FWIW, random lspci logs I grovelled up off the internet show cards with 
the same IDs only implementing functions 0 and 1, which does suggest 
that maybe function 2 really doesn't exist but the card handles 
unsupported config requests in a way that this particular bridge/root 
port doesn't quite deal with properly.

> Before my original message I hacked in some code to make the driver
> return 0xff when devfn > 1, and the scan passed, but as soon as
> nouveau attempted to access the device, the entire kernel exploded.
> 
> Another reason I believe the address assignments are overflowing and
> corrupting other address assignments is after the external abort, the
> entire PCIE controller is inaccessible.
> $ lspci
> pcilib: Cannot open /sys/bus/pci/devices/0000:01:00.1/config
> lspci: Unable to read the standard configuration space header of
> device 0000:01:00.1
> pcilib: Cannot open /sys/bus/pci/devices/0000:00:00.0/config
> lspci: Unable to read the standard configuration space header of
> device 0000:00:00.0
> pcilib: Cannot open /sys/bus/pci/devices/0000:01:00.0/config
> lspci: Unable to read the standard configuration space header of
> device 0000:01:00.0
> 
> Attempting to rescan the bus or any other pci function results in a
> hung kernel task.

You crashed deep in the kernel part-way through the driver's probe 
routine; don't expect any partly-initialised bits of that driver to 
actually work. I bet you also can't load/unload modules and do various 
other things either, because the thread will almost certainly have been 
holding a bunch of locks, too. It's not worth trying to reason about the 
state of anything after that kind of unexpected crash ;)

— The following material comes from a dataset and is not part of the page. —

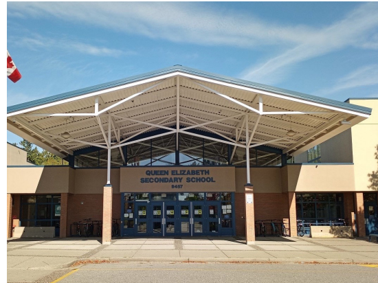
[From left] The Kinetic project team reviewing Touchplan and their Kanban Board; and the completed Queen Elizabeth Secondary School.

"This process of implementing LPS® successfully on the projects results from establishing and fostering relationships. The relationship is nurtured from the executive level to the team in the field, including the trades. Our approach was to take time to develop solid relationships and support the teams with robust training and implementation, which brought more clarity about the initiative and use of LPS® to the team members."

>> If the Root Port (00:00.0) supports AER, you could also dump out the
>> status registers from the AER capability and figure out whether it
>> logged a PCIe error.  This would be sort of like what
>> aer_process_err_devices() does.  A bit of a hassle to do this by hand
>> in the exception path, but could be enlightening, just as a debug
>> tool.
> 
> Is there a way to handle external synchronous aborts in a device driver?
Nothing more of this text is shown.